# Square vs. Rectangle



## partial2poodles (Feb 11, 2010)

I tend to say "once a rectangle always a rectangle" but Pepper hasnt hit his BIG growth spurt which is between the ages of 4 and 7 months. He will grow alot during that time and it MAY change but if his parents werent squares he wont be a square. Maybe you could make him wear platform shoes and give him bell bottoms on his furry pom poms and he will look more SQUARE


----------



## CharismaticMillie (Jun 16, 2010)

I think, for the most part, being a rectangle rather than a square is more aesthetically unpleasing than it is problematic.
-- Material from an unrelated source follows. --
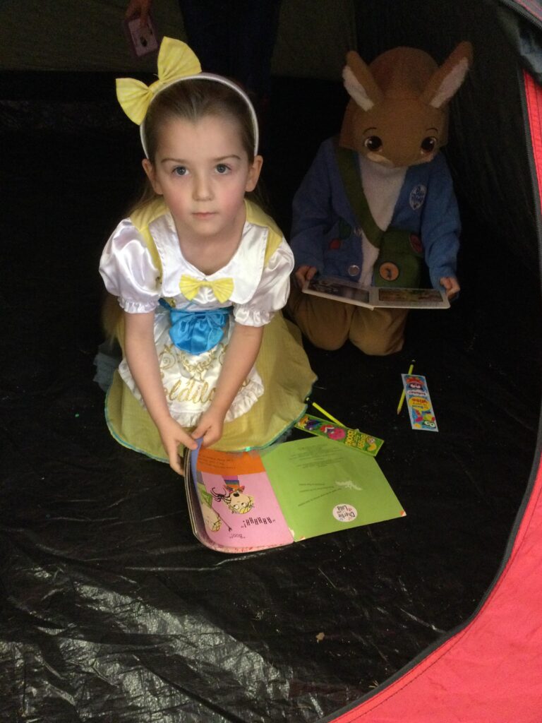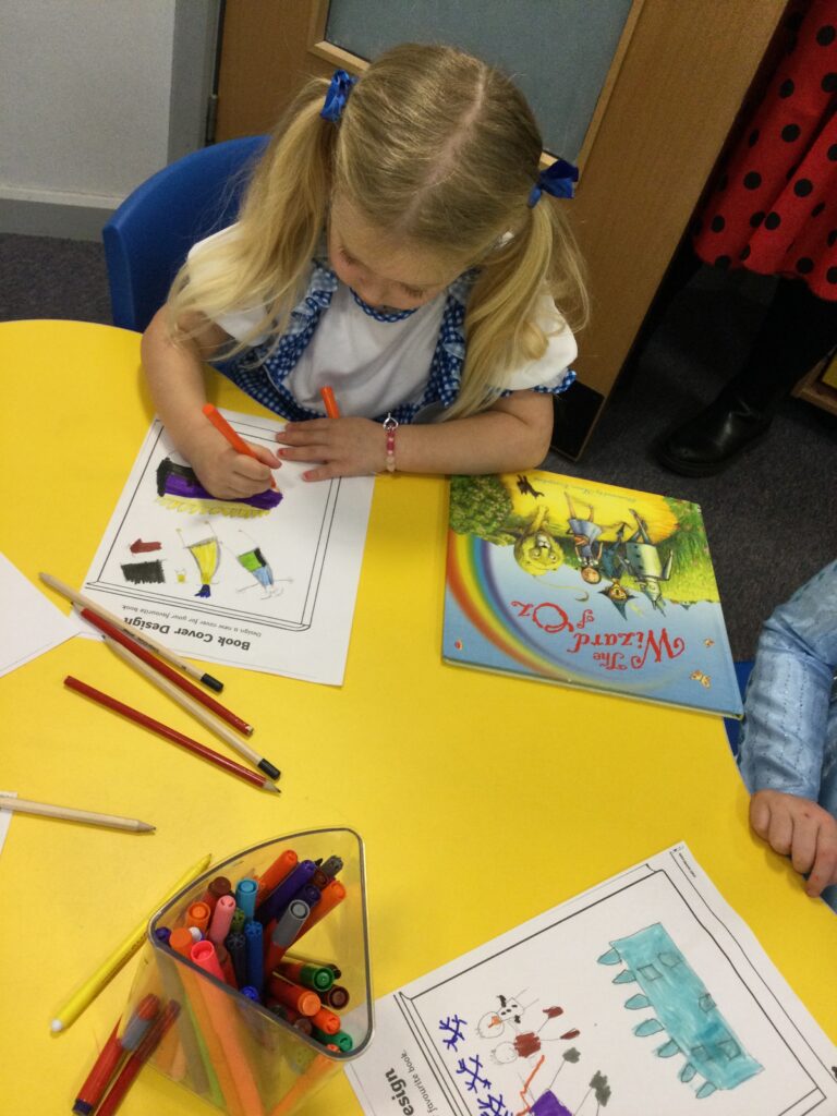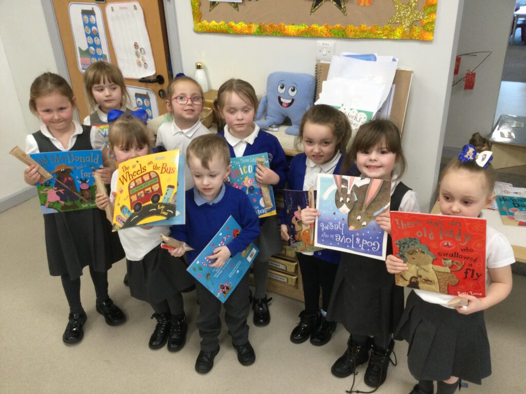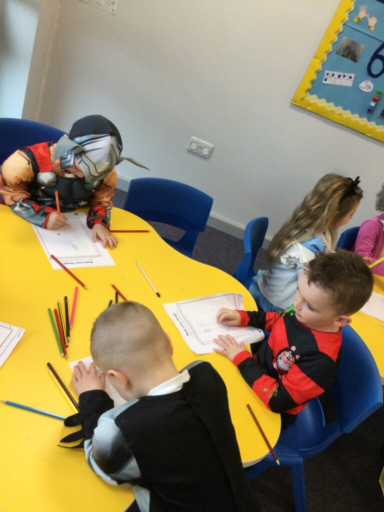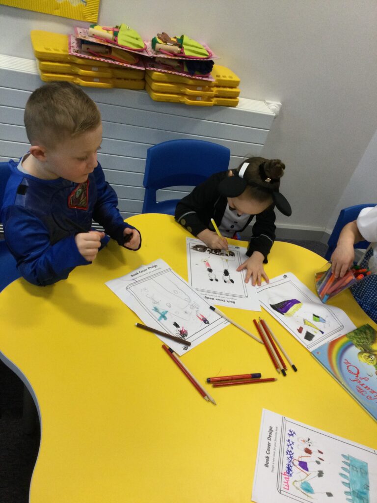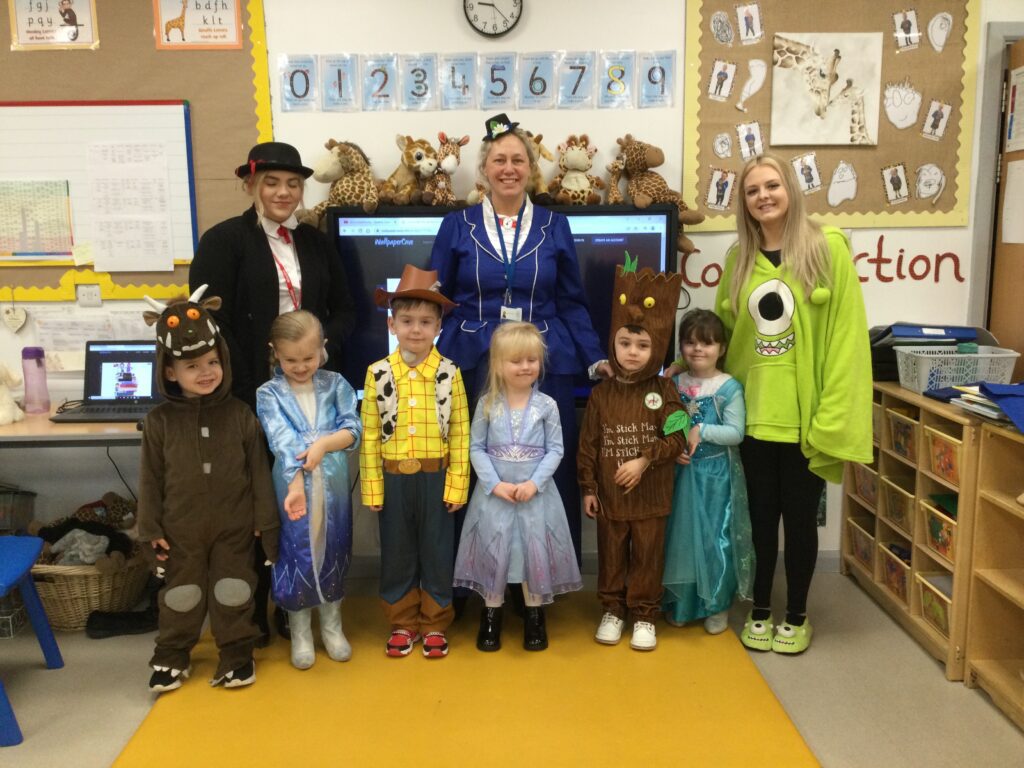 In Reception for World book day we dressed up as a character from our favourite story and brought the book into school to show our friends. Throughout the day we took part in different activities such as drawing and labelling the character we came dressed as, making our own book marks and taking part in story sessions throughout the day. We also read with the year six children, who we very much enjoy spending time with . We went up to the sports hall where there was a ‘world book day fayre’ at the fayre we made and decorated our own biscuits to eat whilst reading books we purchased in the reading den.

Your pup will be beautiful no matter what, though!


----------



## lilypoo (Jul 25, 2011)

Lily is undoubtedly a rectangle. And I was determined during my search for a breeder that I would NOT get one of those "unattractive short-legged, deformed toy poodles!" LOL _(Those are my mom's words--she's gone but that's what she used to say--minis were better than toys, because toys were misbred much more commonly than minis!  )_

It suddenly didn't matter after I met Lily. Maybe that wasn't smart but whatever, it didn't seem so important at that point.  She's got a great personality and she's VERY cute in her all her rectangular glory.


----------



## SamanthaT (Jul 3, 2011)

Don't worry, we will adore him no matter if he is rectangle or square. That is what I get for buying a flea market pup and not even asking any of those questions!!! (Yes, me, Miss Research Everything Ad Nauseum) I didn't even know there was such a thing as a problematic dog shape in a poodle until AFTER I got the poodle and starting my research at that point. But we are hopelessly hooked and it wouldn't matter if Pepper was a circle or pretzel, as long as he is healthy and happy. Thanks for your responses and I love your pictures.


----------



## lilypoo (Jul 25, 2011)

LOL...I bought Lily out of the back of an old minivan!


----------



## SamanthaT (Jul 3, 2011)

Glad I'm not the only one to have experienced can't live without you instant love. No one in my immediate family or extended can believe I got a flea market dog, they will be making fun of me for it for decades. My inlaws are having an especially good time with it, but they are crazy about him, too. I even had a list for what would work in a husband!! Your Lily is A+ adorable.


----------



## lilypoo (Jul 25, 2011)

Too funny! My dad's mini is from Clarion so yeah...he raised an eyebrow when I told him where I got Lily! He hasn't said anything since though and he did say he thought she was beautiful, so I was relieved! LOL I can't imagine telling anyone else in my family where she came from!


----------